For instance, you might receive 40% of the overall benefit from Set 1, 25% from Set 2, 15% from Set 3, etc., until you receive 100% from Set 6. As a result, 4×6 should help you grow muscle more quickly. The trade-off is that you have to perform 4-6 additional sets per session for only a slight (20%) improvement in results.
You Can Get Proficient At Exercises Faster
You get to spend more time under the bar when you perform more sets and reps. This enables you to perfect your form on the “big 3” compound workouts and accelerates the process of wearing down your neural adaptations (so you can start building muscle).
Who Should Use 3×5?
The targetted workout plan can be easier for beginners. But there are various factors depending on it. Let’s take a look into them.
If Getting Strong, Is Your Major Objective
Strength and hypertrophy have a high correlation, but that doesn’t mean they are incompatible. You don’t need to perform as many sets of each exercise if your primary goal is a strength rather than size. In fact, if you have to lower the weight on the bar, performing additional sets may hinder the development of your strength.
If You Have Poor Recovery
Be truthful. Eat enough calories to gain weight, or not? Do you get at least 8 hours of sleep every night? And when bulking, how much cardio do you do? If the answer to any of those questions was “no,” you should generally avoid using 4×6.
Casual Lifters With Little Time For Training
Rest for three to five minutes in between each session to maximize your strength performance. When you perform 5 sets of 5 repetitions for 2 or 3 exercises per workout, this soon adds up. If you only have a short amount of time to train, such as 60 minutes at lunch, you might do better to continue with 3×5.
Who Should use 4×6?
Unline the 3×5 workout plan, the targetted 4×6 workout plan is for the intermediates.
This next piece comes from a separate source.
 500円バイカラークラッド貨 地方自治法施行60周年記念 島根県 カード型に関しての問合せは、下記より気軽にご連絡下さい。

There are various factors depending on it. Let’s take a look into them.
If Your 3×5 Results Have Plateaued
If your gains have slowed down after using 3×5 for a while, you can benefit from performing more sets.
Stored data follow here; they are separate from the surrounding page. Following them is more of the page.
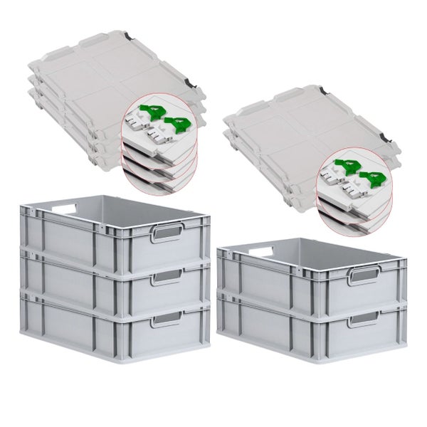 PROREGAL Spar Set 5x Eurobox Nextgen Economy Mit Scharnierdeckel & Grünen Schiebeschnappverschlüssen Griffe Offen HxBxT 17 x 40 x 60 cm 34 Liter
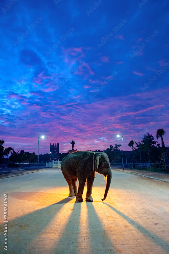 Samolepka Thai elephants are standing at elephant World in Thailand's Surin in an elephant village,Thailand
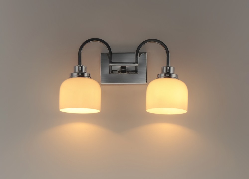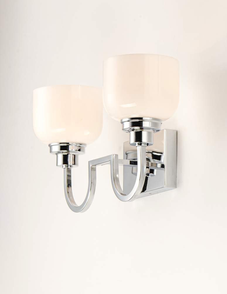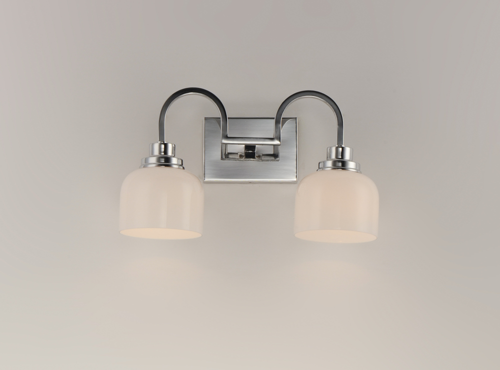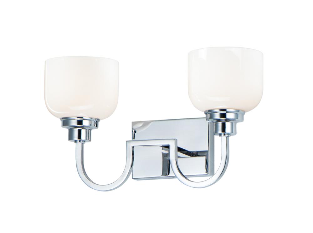 Square tube arms curve to form arcs of Polished Chrome in an interesting and unique fashion. White opal glass shades complete this clean design and provide a soft even illumination. Can be installed up or down.

Hardgainers Who Battle To Grow Muscle
According to research, some people respond less favorably to weight training and require greater volume to advance. Try switching to 4×6 if you’re confident in your recovery but still having trouble gaining ground.
Young Weightlifters That Desire To Increase Their Muscle Mass
4×6 is the best option if you want to gain muscle as quickly as possible and don’t mind hard workouts.
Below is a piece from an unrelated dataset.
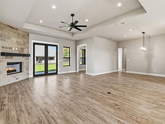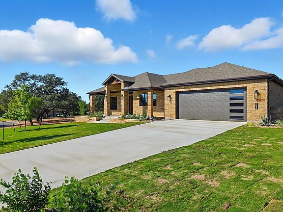 Welcome to 128 Broadgreen Trail, a stunning new home in the sought-after golf community of The Enclave, Kingsland, Texas. Craftedwith meticulous detail and full masonry construction, this home blends Hill Country charm with modern design. The exterior showcasesrich stonework, tongue-and-groove soffits, and an inviting front porch framed by a knotty alder entry door. Step inside to discover soaringceilings, 8’ solid core doors, and tile floors throughout. The gourmet kitchen features quartz countertops, custom cabinetry, KitchenAidSS appliances, black fixtures, LED under-cabinet lighting, and a sleek black backsplash complemented by plug-mold outlets for a cleanlook. A cozy Majestic Sovereign 42” wood-burning fireplace anchors the spacious living area, while the private primary suite boasts awalk-in tile shower, granite countertops, and custom toe-kick lighting. Built with efficiency in mind, the home offers full spray-foaminsulation, (2) Goodman HVAC systems, a 50-gallon water heater, and an On-Q CAT6 smart panel for seamless connectivity. Thecovered back patio invites outdoor relaxation, overlooking fresh landscaping with irrigation, and the large 2-car garage includes sprayfoam insulation and a full gutter system. With 2x6 framing, architectural shingles, and timeless craftsmanship throughout, this homedelivers durability and comfort designed to last. Enjoy life in The Enclave, a gated golf-course community near Lake LBJ, minutes fromMarble Falls and all the best of the Highland Lakes area.

Is 3×3 or 5×5 stronger, and why?
You will become quite strong during the 3X3 program, and the 5X5 program will work better for you as you get stronger.
Is 3×5 equivalent to 5×3?
Supporters of the teacher claim that 5×3 refers to “five lots of 3,” whilst critics claim that because “times” is commutative (reversible), the distinction between 5×3 and 3×5 is meaningless. That not all equations are commutative is unquestionably true.
Is 5×3 good for strength?
In general, sets of less than 5 reps are ideal for developing power and/or testing strength, sets of 4–8 reps are good for developing strength, sets of 8–12 reps are good for developing hypertrophy (muscle size growth), and sets of 12+ are good for developing and testing muscular endurance.
In the end, whether you employ 3×5 vs 4×6, you’re going to make insane “newbie gains” as a beginner.
Therefore, maintaining consistency is crucial.
You’ve already won half the battle if you continue to attend the gym without being “burned out.”
Each time you exercise, you make a modest deposit into your bank account, which over time builds up and earns interest.